Identity as a Social Justice Leader
Over the past year, my identity as a Leader for Social Justice has deepened in both clarity and conviction. I began this program with a strong sense of urgency to support individual students who were marginalized, especially foster youth, whose stories mirrored the injustices I witnessed daily. I focused on immediate interventions, how to advocate, how to support, how to protect. But through the Principal Leadership Institute, my perspective has grown from responding to isolated incidents to interrogating the systems that produce and perpetuate harm.
I now understand that these outcomes are not coincidental, they are by design. Systems of discipline, enrichment access, school mobility, and adult bias are structured in ways that consistently marginalize our most vulnerable students. As a result, I’ve shifted from just naming inequities to actively learning how to dismantle them. This means committing to systemic change in a way that is strategic, restorative, and deeply humanizing.

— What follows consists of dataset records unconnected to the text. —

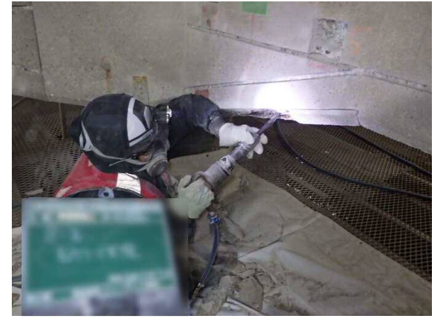
断面修復工（コンクリートはつり状況） 平成30年12月
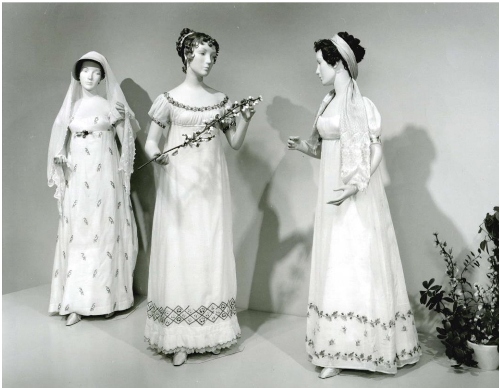
Sl.4. „Summer in Style“ (MET), haljine iz 1805. (1960.), www.metmuseum.org/

Smatra se da je oslobađanju mode u 19. stoljeću prethodila liberalizacija ženske odjeće krajem 18. stoljeća, što je pripisano engleskom utjecaju. Međutim, upravo je kraj 19. stoljeća bio početak mode kakvu znamo danas. Odjeća postaje slobodnija, razbija nametnute društvene okvire i pravila, te omogućuje svakom pojedincu traženje i otkrivanje vlastitog identiteta putem odijevanja. 14 Društvene promjene i revolucije bile su odgovor na podjele u društvu, velike klasne razlike, stoga je logično pretpostaviti da je težnja za manjim razlikama rezultirala i jednostavnošću u odijevanju, međutim u ženskoj modi pojednostavljivanje odjevnih predmeta nije potrajalo dugo.
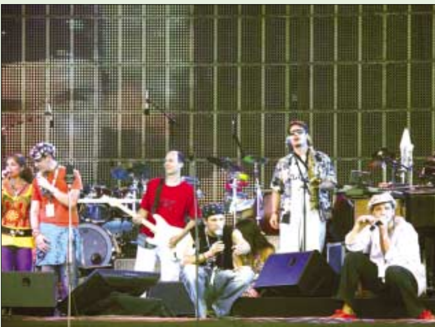
A „KÉPZELT RIPORTTAL...” NYITOTTAK. A megafesztivál úgynevezett „nulladik” napján a „Képzelt riport egy amerikai popfesztiválról” koncertváltozatát mutatták be nagy sikerrel neves előadók
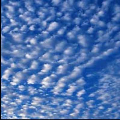
السحاب الركامي المتوسط
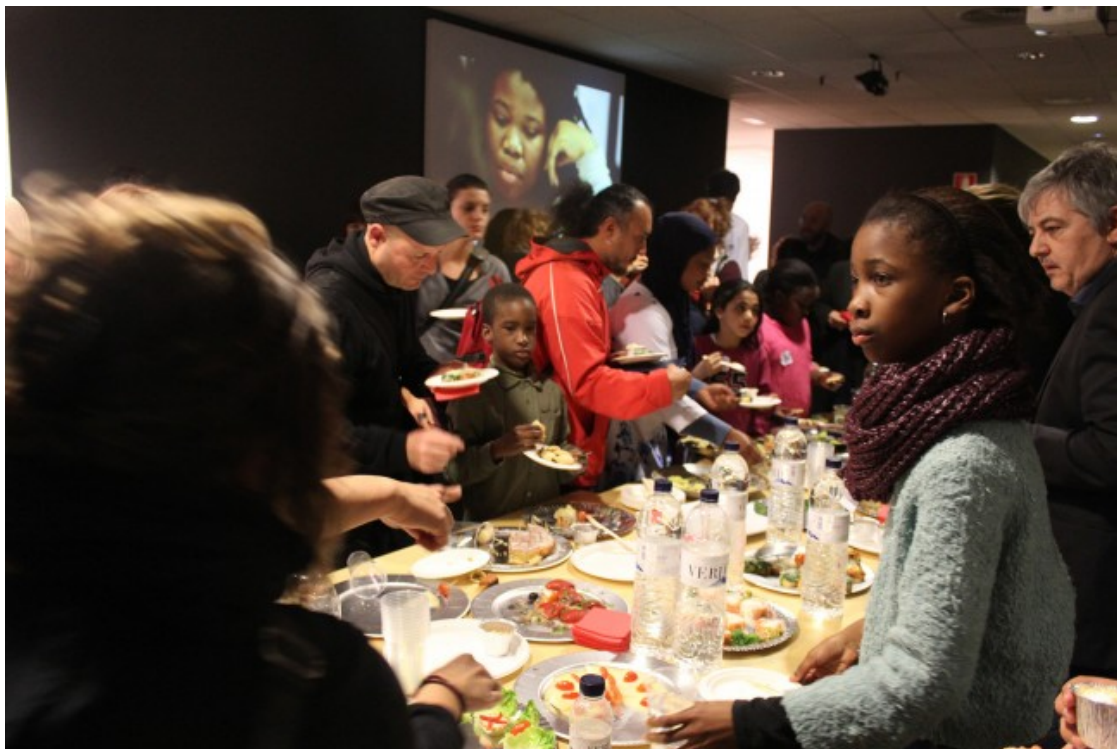
Un moment de la inauguració de l'exposició

enriquir elements identitaris i culturals; potenciar el treball en equip i les relacions interpersonals; elaborar un projecte artístic entre diverses persones que formen part de comunitats locals; i generar treballs interdisciplinaris entre artistes locals i estrangers.
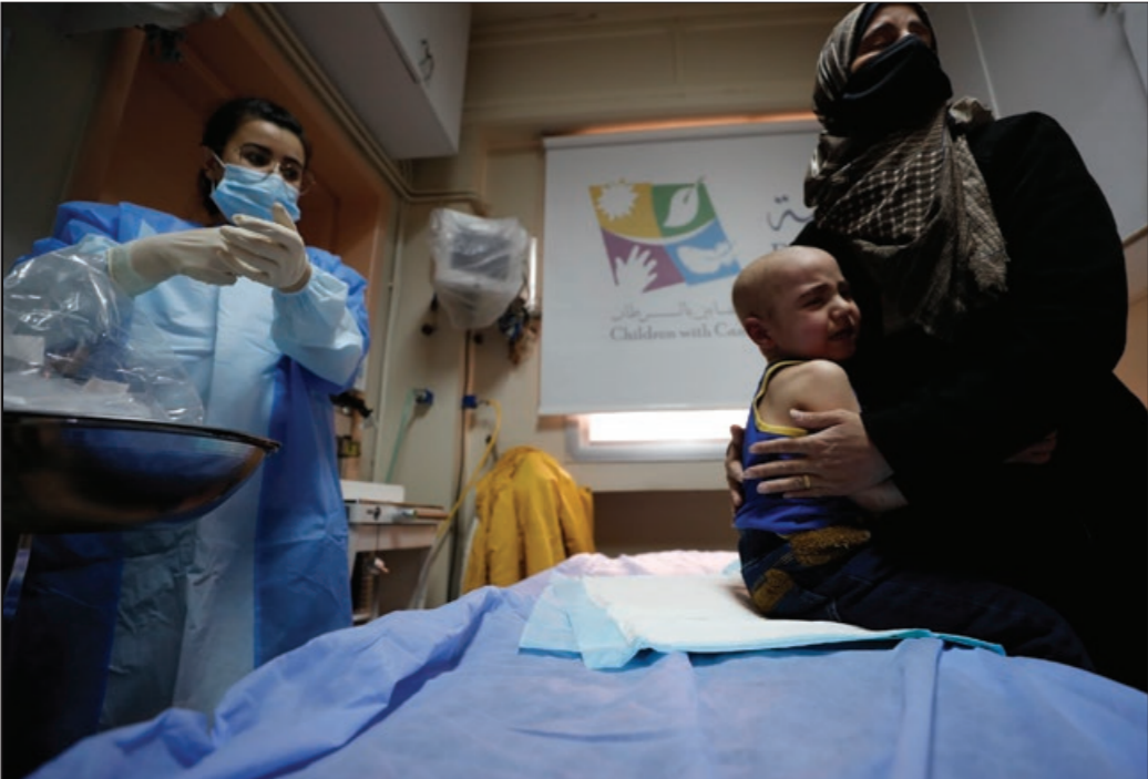
أم مع طفلها، في قسم علاج مرضى السرطان بمستشفى الأطفال في دمشق - 7 أيلول 2022، IAPi
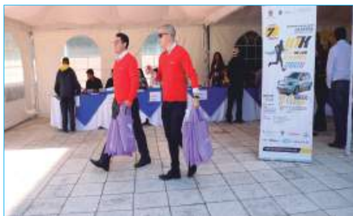
Entrega de chips para la carrera 10k ruta de los Tres Juanes 2020
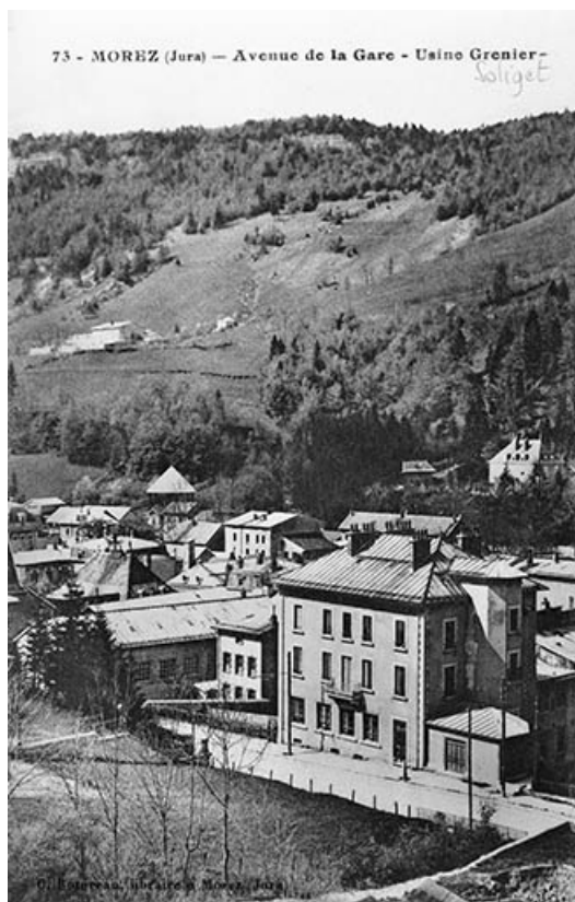
Morez (Jura) - Avenue de la Gare - Usine Grenier. 39, Morez, 10 avenue Charles de Gaulle
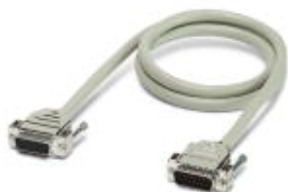
Konfektioniertes, geschirmtes Rundkabel, mit 25-poliger D SUB Buchsen- und Stiftleiste, Kabellänge: 2 m

Bitte beachten Sie, dass die hier angegebenen Daten dem Online-Katalog entnommen sind. Die vollständigen Informationen und Daten entnehmen Sie bitte der Anwenderdokumentation. Es gelten die Allgemeinen Nutzungsbedingungen für Internet-Downloads. ( http://download.phoenixcontact.de )
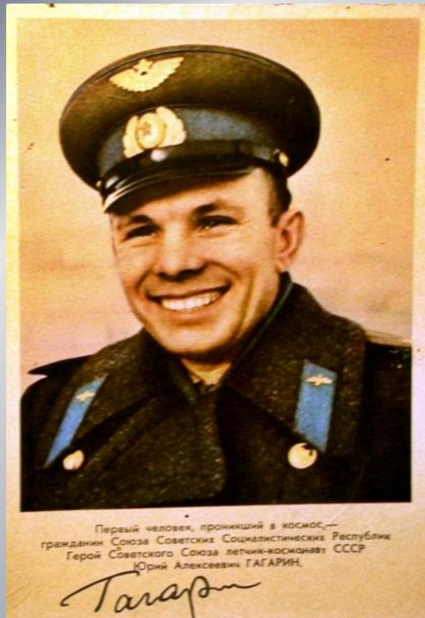
Первый человек, проникший в космос, — гражданин Союза Советских Социалистических Республик Герой Советского Союза летчик-космонавт СССР Юрий Алексеевич ГАГАРИН.

Не попросив подмог ни у кого, Сама восстав из пепла и из праха, Моя страна, не знающая страха, Шлет в космос ныне сына своего.

This work cannot be done alone. I’ve come to realize that transformative leadership is collective leadership. Carrying the responsibility as a lone soldier is not only unsustainable, it’s inequitable. Sustainable equity work must be distributed, co-led, and rooted in authentic relationships. As I move forward, I am committed to building spaces where all stakeholders, students, families, educators, have the power to co-create schools that center healing, belonging, and justice.
Evolution of C. Rosby
When I entered PLI, I already held strong instincts for equity and relational leadership. However, over the past year, those instincts have evolved into strategic, evidence-based practices. One of the most significant shifts in my leadership has been my ability to use the PDSA cycle (Plan, Do, Study, Act) with fidelity. Rather than rushing to solutions or relying on intuition alone, I’ve learned to lead through inquiry, co-constructing actions, collecting data, reflecting on outcomes, and adjusting in cycles. This improvement science model has allowed me to slow down and build capacity within teams, so change isn’t just reactive, it’s sustainable.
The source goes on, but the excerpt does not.